**DIRECTIONS FOR THIS TASK:** Below are records; please write out exactly the lines from the first line through the line containing "Spur-Paket (JP4) mit", with no pictures.

**RECORDS SUPPLIED:**
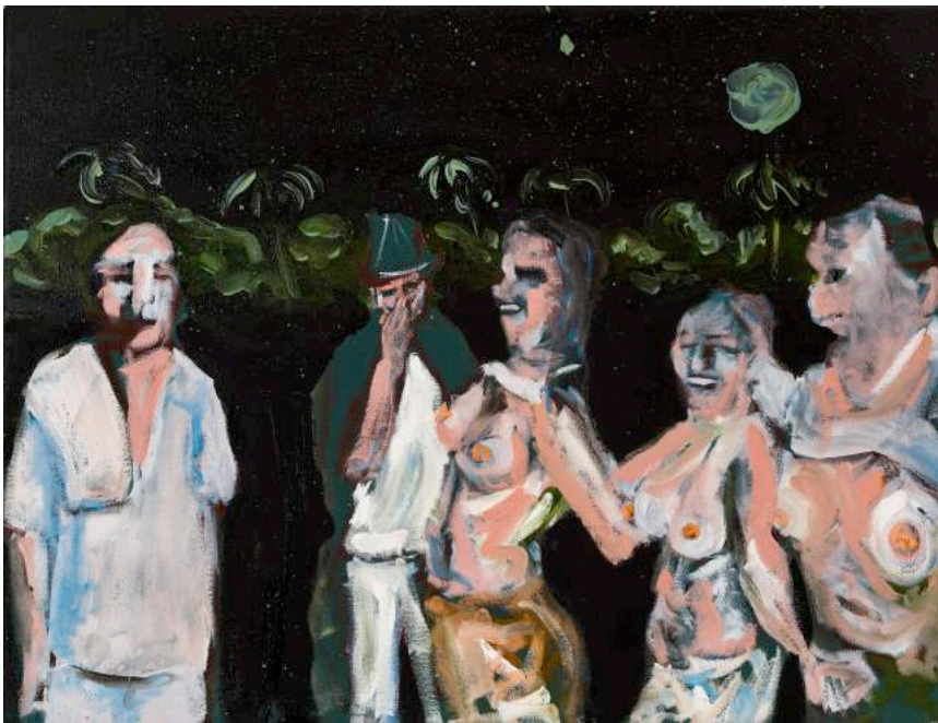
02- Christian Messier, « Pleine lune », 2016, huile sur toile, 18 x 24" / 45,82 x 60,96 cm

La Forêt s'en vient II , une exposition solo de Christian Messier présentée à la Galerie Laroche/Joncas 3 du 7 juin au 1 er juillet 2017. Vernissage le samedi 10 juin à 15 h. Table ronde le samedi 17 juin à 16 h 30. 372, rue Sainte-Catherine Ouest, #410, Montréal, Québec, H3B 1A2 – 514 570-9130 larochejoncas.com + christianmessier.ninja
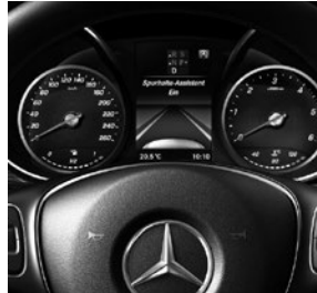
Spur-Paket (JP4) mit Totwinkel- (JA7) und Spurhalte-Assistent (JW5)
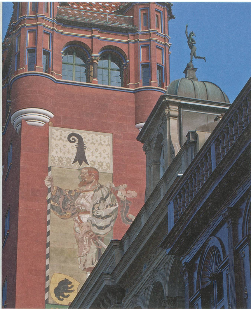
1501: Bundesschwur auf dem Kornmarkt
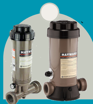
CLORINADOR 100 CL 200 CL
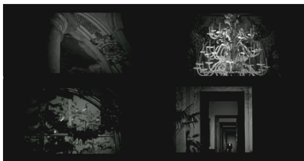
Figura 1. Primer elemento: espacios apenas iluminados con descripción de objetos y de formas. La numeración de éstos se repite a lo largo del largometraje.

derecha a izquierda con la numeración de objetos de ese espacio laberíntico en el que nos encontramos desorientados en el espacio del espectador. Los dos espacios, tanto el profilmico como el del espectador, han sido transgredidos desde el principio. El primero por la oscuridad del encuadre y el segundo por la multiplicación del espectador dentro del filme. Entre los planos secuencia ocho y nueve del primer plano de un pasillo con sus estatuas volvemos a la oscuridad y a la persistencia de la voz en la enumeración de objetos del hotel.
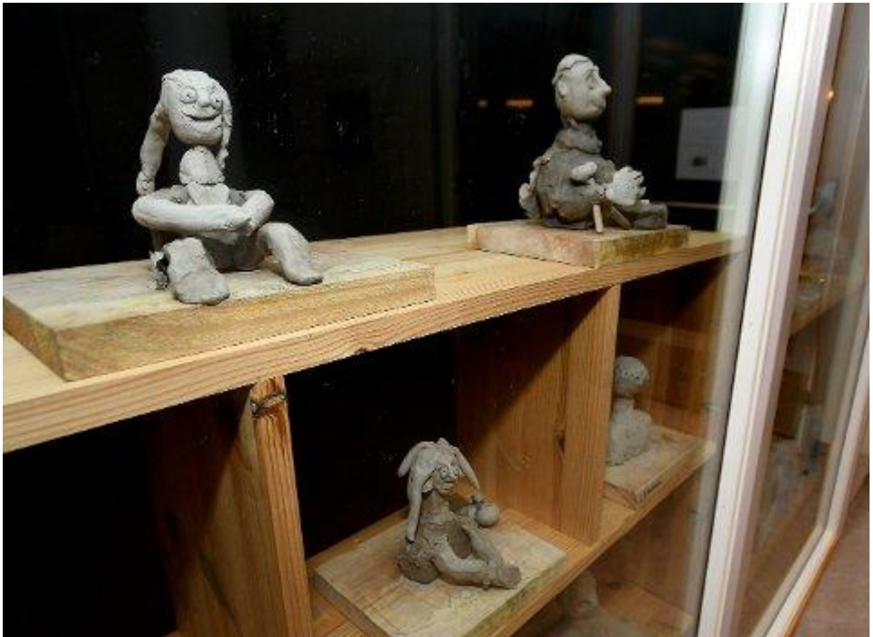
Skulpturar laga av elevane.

**RESPONSE:**
02- Christian Messier, « Pleine lune », 2016, huile sur toile, 18 x 24" / 45,82 x 60,96 cm

La Forêt s'en vient II , une exposition solo de Christian Messier présentée à la Galerie Laroche/Joncas 3 du 7 juin au 1 er juillet 2017. Vernissage le samedi 10 juin à 15 h. Table ronde le samedi 17 juin à 16 h 30. 372, rue Sainte-Catherine Ouest, #410, Montréal, Québec, H3B 1A2 – 514 570-9130 larochejoncas.com + christianmessier.ninja
Spur-Paket (JP4) mit Totwinkel- (JA7) und Spurhalte-Assistent (JW5)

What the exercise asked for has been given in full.